I think the criterion check should be earlier?

in my understanding, the check depends on the value of rho, which is computed right before the delta calculation. since the computation of delta and rho will be merged in upcoming PRs, the check is placed after we compute both of them. or I don't get why should it be placed earlier and where? the results seem to be correct with this

I think the first rho is also happened in the line 139 and 141.

so are you suggesting that I put the check before computing rho in the loop?

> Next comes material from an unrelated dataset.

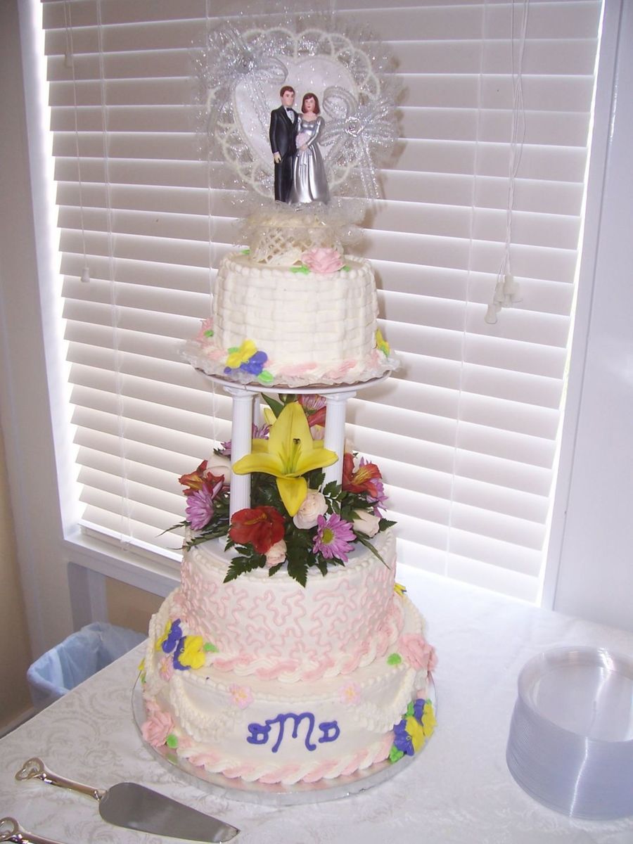 This was cake for 2nd time bride at church. The topper was the one her parents had used 40 yrs. ago

one additional check after the first rho computation

pratikvn · 2025-04-11T14:17:13Z

It seems nvhpc compilers still have some issues with the pipecg tolerances, so it might need to be increased even more: https://gitlab.com/ginkgo-project/ginkgo-public-ci/-/jobs/9693465904

gojakuch · 2025-04-11T19:12:34Z

It seems nvhpc compilers still have some issues with the pipecg tolerances, so it might need to be increased even more: https://gitlab.com/ginkgo-project/ginkgo-public-ci/-/jobs/9693465904

I think @yhmtsai suggests that we find another solution. I don't know what can be done

pratikvn · 2025-04-12T12:56:29Z

The tolerance problem is not limited to PipeCG, but is prevalent across all solvers in Ginkgo. We have arbitrarily increased the tolerances for different solvers to ensure that they pass the tests. The matrices we use to test the solvers are also for the most part arbitrary (we have some control: hpd-ness, sparsity, but not over condition number for example.)

A proper solution IMO would be to have full control over the matrix and vector inputs:

Generate matrices with specific condition numbers and eigenvalue distributions.
Define vectors with controlled vector norms.

Then we can correlate solvers with inputs and tailor the inputs rather than tailor the output tolerances. This approach requires a more sophisticated sparse matrix generation, which we currently do not have.

Therefore, IMO, the current approach should be okay, and we should revisit the controlled inputs approach at a later point (with a new PR) and update all the solvers and their tests.

gojakuch · 2025-04-18T17:34:56Z

@yhmtsai please consider @pratikvn's comment when reviewing. I rebased this and tried to address all the other things you've mentioned except for the tolerances

yhmtsai

I do not fully agree Pratik's comments.
Pratik's comments should only for the general testing case for different executor.
In the reference test, everything is initialized manually, so everything is under control.
I have checked the implementation with the paper and I do not find any difference between them. Because the paper also showed less convergence than CG, I do not hold this PR due to the relaxed error check on big system.

The change request is for the rest of my comments.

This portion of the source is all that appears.